View Full Version : Opinions best med for fatigue pain?
04-15-2013, 02:47 PM
Hello. Just wanting some input on people's experience with the immunosuppressant medications. I've been on Imuran for 2 months now, an honestly feel no different. Wondering if the mtx injectable would kick in faster and help more. I know these meds take time, I realize I'm super impatient but I think I'd notice some kind of improvement by now.. Just the slightest? Been on plaquinil for 3 months as well. My rash look better, but I can't keep up with life. It's crazy. Still feeling achy and can't lift my legs real good. That's real odd too as I use to be very flexible.. Any thoughts are appreciated!
04-15-2013, 07:03 PM
When i started taking MTX oral it did take some time to start to work ( about 6-8 weeks ). However it did make a big difference for me when it started to kick in. In saying that my dosage has increased so if you start taking it they will probably start on a smaller dose to see how you go. The injectios are an option but i think its generally for people who can't take the oral meds because it makes them sick as its processed differently by the body. It certainly is worth asking your Dr about though he would certainly know more.
Lupus is an exhausting illness and i know i wish a Dr could give me a super pill and say take this and you will feel better in the morning. !!
Good luck and i hope you feel better as soon as possible.
04-16-2013, 06:06 AM
Have you tried other medications? Or just the MTX? Thanks for the information. It's so helpful to get other peoples experiences. Take Care.
04-16-2013, 06:19 AM
I was on Imuran for quite a while and noticed no appreciable difference in my symptoms while taking the medication so finally my Rheumy took me off of it. I didn't start anything else in it's place.
Right now, my labs are all WNL with taking Plaquenil so I'm not gonna rock the boat.
04-16-2013, 07:15 AM
Bonus Mom, So is the Plaquenil controlling all your symptoms? I'm wondering how I'm going to know what is helping what since all these medications take so long to get into your system? I really do not understand this disease at all. The more I read about it, the more confused I get. I bought the Lupus bible and it is very helpful. Making my husband read that too. He'll understand the medical terminology and be able to come up with some suggestions too. Ugh!
04-16-2013, 07:33 AM
Yes, Plaquenil is all I'm taking for SLE/SjS and, as of last week, all labs are normal. I'm dry as heck due to Sjogren's, but overall, doing pretty well.

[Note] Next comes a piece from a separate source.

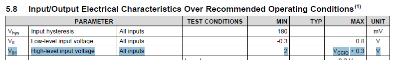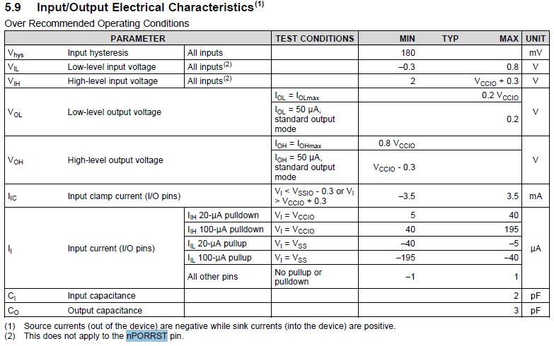 what is the min. specification for Vih for the nPORRST Pin or does the standard value of min. 2V applies here? While Chapter 6.2.3.1 lists the parameter for ViL for nPORRST, there is none for Vih. Note 2 implies that Vih will be different for nPORRST.

It does take a while to start working but Plaquenil is truly amazing once it does. And to think it's one of the less expensive and least damaging (as in side effects) medications available for autoimmune diseases. Just make sure to take it consistently and as prescribed.
04-16-2013, 06:04 PM
I have also tried plaquenil for about 2 years. I found it alright in the begining but ended up stopping it because it gave me stomach pains all the time. I also take mobic ( anti inflam ) as needed. I try to stay away from pred but have had to resort a couple of times. MTX is the only immunosuppressant i have tried i have asked my rheumy about other drugs but i havent been down that path yet.
what other symptoms do you get i see you mention a rash is that the butterfly rash? ( i don't get that ) I certainly get sore joints which is very frustrating. Some days i just feel so old and tired ...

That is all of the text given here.